Be clear and concise:When it comes to writing your CV and cover letter, clarity is key. Avoid jargon that could confuse us and stick to simple, direct language. Highlight your achievements with quantifiable results where possible, and keep everything easy to read. A well-organised application goes a long way!
How to prepare for a job interview at Yocto Project
✨Brush Up on Your Coding Skills
For a full-time software engineering role, it's crucial that we stay sharp with our coding abilities. Expect technical questions that might involve solving problems on the spot or discussing algorithms. Practise on platforms like LeetCode or HackerRank to get comfortable with the types of questions that often come up.

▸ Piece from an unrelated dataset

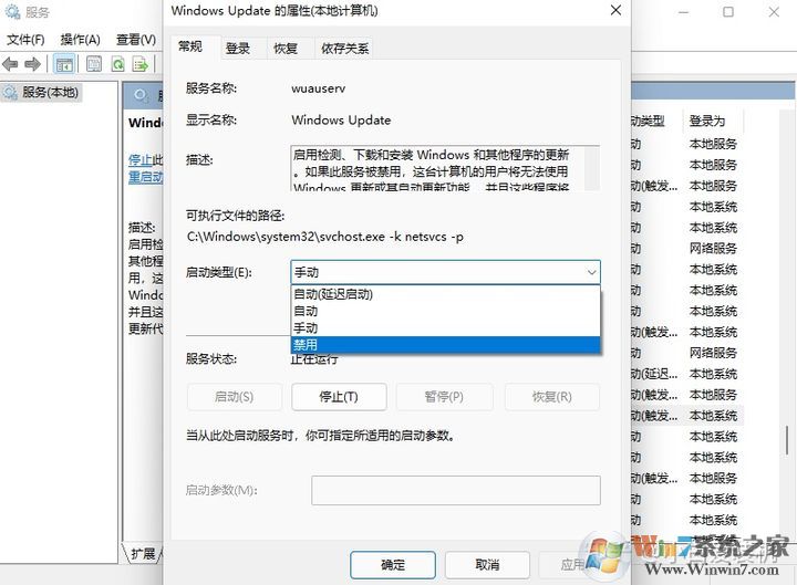 3、然后將啟動(dòng)類型更改為“禁用”,再點(diǎn)擊一下“停止”即可。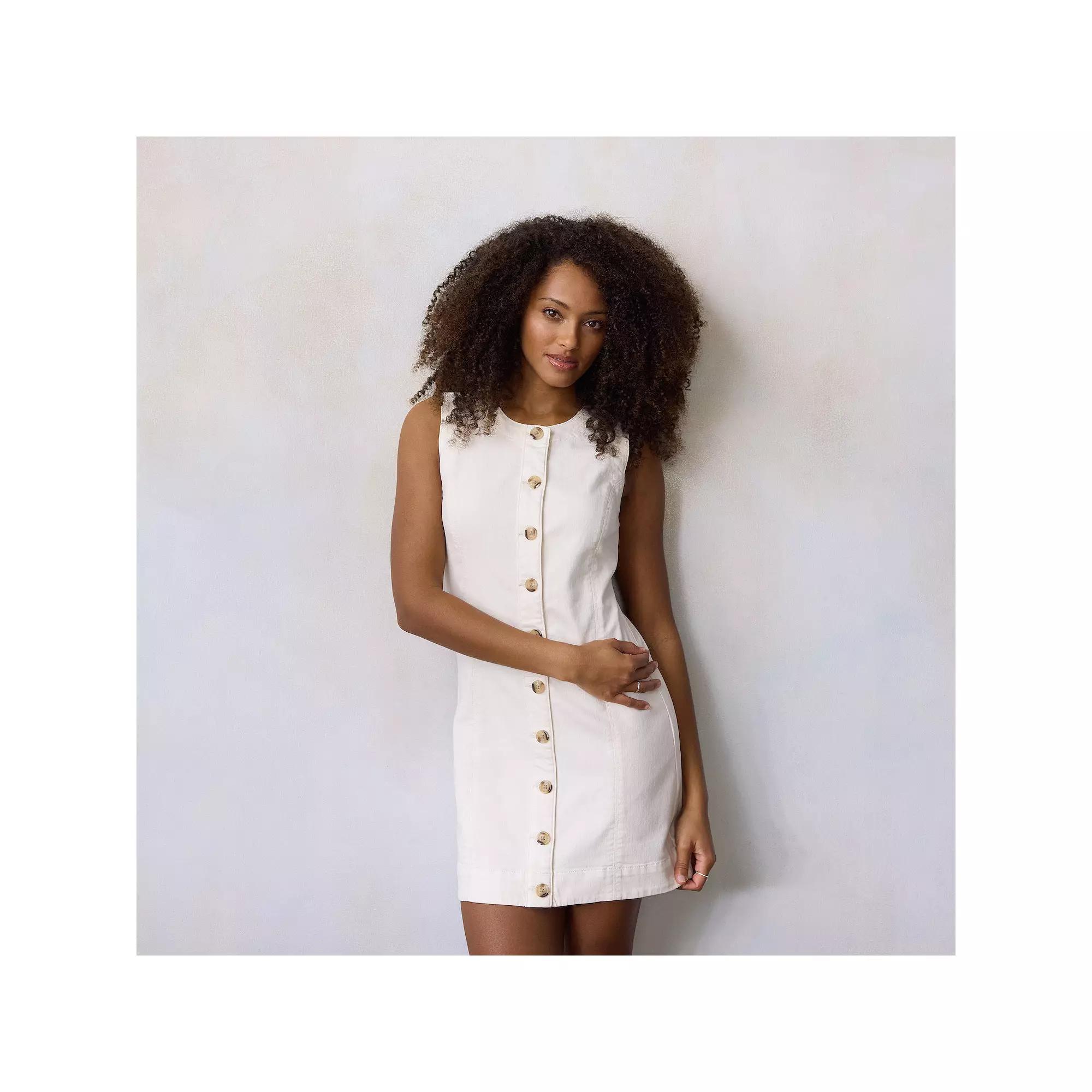 Get ready to twirl your way through sunny days in this charming button front mini that's effortlessly chic and oh-so-comfortable. Perfect for any occasion, the LC Lauren Conrad dress combines playful style with a touch of sophistication, ensuring you'll turn heads whether you're brunching with friends or hitting a summer festival. Click on this WOMEN'S GUIDE to find the perfect fit and more! - https://www.kohls.com/feature/womens-fit-guide.jsp. FEATURES: Soft handfeel construction, Stylish button front design. FIT & SIZE: Regular fit, Mini length hits at the thigh, 35 1/2-in. length from shoulder to hem, Asymmetrical hem. MATERIAL & CARE: Cotton, lyocell, spandex, Machine wash and tumble dry low. DETAILS: Button front closure, U-neckline, Sleeveless, Imported. RESPONSIBLE Supports more sustainable cotton farming, Tested for harmful substances, STANDARD 100 by OEKO-TEX® CERTIFIED, Certification No. 2017OK1349, Testing Institute: AITEX®, www.oeko-tex.com/standard100 - https://www.oeko-tex.com/en/our-standards/oeko-tex-standard-100. Size: X Small. Color: Ivory Silk. Gender: female. Age Group: adult. Material: NONE.

✨Know Your Tools and Frameworks
Make sure we’re well-acquainted with the tools and technologies listed in the job description. Familiarise ourselves with any specific frameworks or programming languages mentioned. If Yocto Project uses React or Node.js, for instance, be ready to discuss how we’ve used them in previous projects or coursework.
✨Showcase Your Projects
Bring along a portfolio that highlights our best work. This could be code samples, GitHub repositories, or any side projects we’ve built. Make sure we can talk through our thought process for each project, especially the challenges we faced and how we solved them—this shows our problem-solving skills in action.
✨Prepare for Behavioural Questions
While technical skills are key, full-time positions also require cultural fit. Be ready to discuss our previous experiences and how we handle teamwork, conflict, and deadlines. Brush up on the STAR method—Situation, Task, Action, Result—to clearly articulate our past experiences when discussing how we've contributed to a team.